UK Builders Begin To See Brexit Crisis as Foreign Workers Disappear


Monika Slowikowska is incredulous when people tell her foreigners will still want to come to the U.K. after the country leaves the European Union.

As a Pole who owns a London construction company, Slowikowska is less sanguine. She fears for an industry facing a Brexit immigration clampdown, including high salary requirements for visas and restrictions on low-skilled labour.

“We believe that we’re still a paradise destination,” said Slowikowska, who has lived in the U.K. for 20 years and employs nearly 200 people. But that’s “just unrealistic” when workers can choose other countries such as Germany, Norway and Ireland, she said.

High living costs and a falling pound are further deterrents for EU citizens considering settling in Britain.
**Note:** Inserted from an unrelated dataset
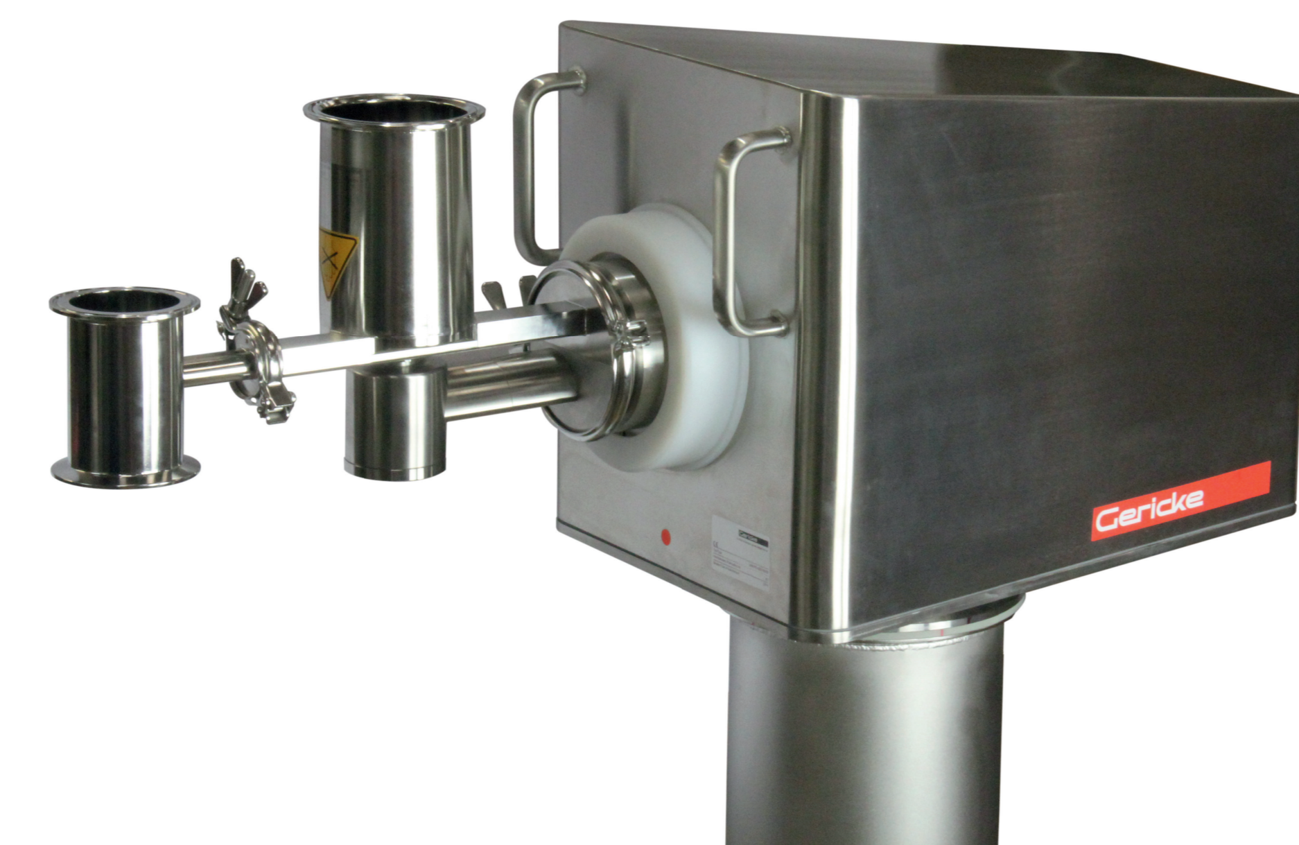
Fig 1: Experimental setup using a gravimetric loss in weight feeder (Gericke).

The discharged excipients were collected in a bin placed on a Mettler Toledo weight scale. Weight measurements were taken every 1 s and the data was analyzed by a software developed by Gericke using LabView.

With Prime Minister Boris Johnson vowing to get out of the EU on Oct. 31, “do or die,” the pound is at its lowest levels since shortly after the 2016 referendum -- eroding the value of money earned in the U.K. when remitted overseas.

The construction industry, which accounts for 6% of the economy and employs a similar number of people as manufacturing, has a lot to do to prepare for Brexit, when free movement of people between Britain and the remaining 27 EU countries will end. With the government setting ambitious home-building targets, the sector faces an acute labour shortage after struggling to recruit workers for a decade.

Under plans set out in December, post-Brexit rules will require EU workers to be divided according to their qualifications. “High-skilled workers” would be those with a secondary-school degree or higher. Only those who earn at least 30,000 pounds would be allowed to work and stay in the country. For foreign workers without these qualifications, there would be a one-year limit to living and working in the U.K., before they would have to leave again for another 12 months. Almost half of builders are non-U.K. nationals.

A failure to attract young people means the industry is reaching retirement age unusually quickly: just 10% are under 25.

That means a labour shortage in the near future: The Construction Industry Training Board estimates that the sector will need to recruit and train 31,600 workers every year for the next three years just to keep up with demand. The number of apprentices going into construction fall short of this figure by almost a third. The construction industry has been grappling with how to deal with a shrinking workforce. Ian Calvert Sutcliffe, chief executive officer at Countryside Properties Plc, says the company is mindful of the “shortage of skilled labour on site” when thinking about expanding.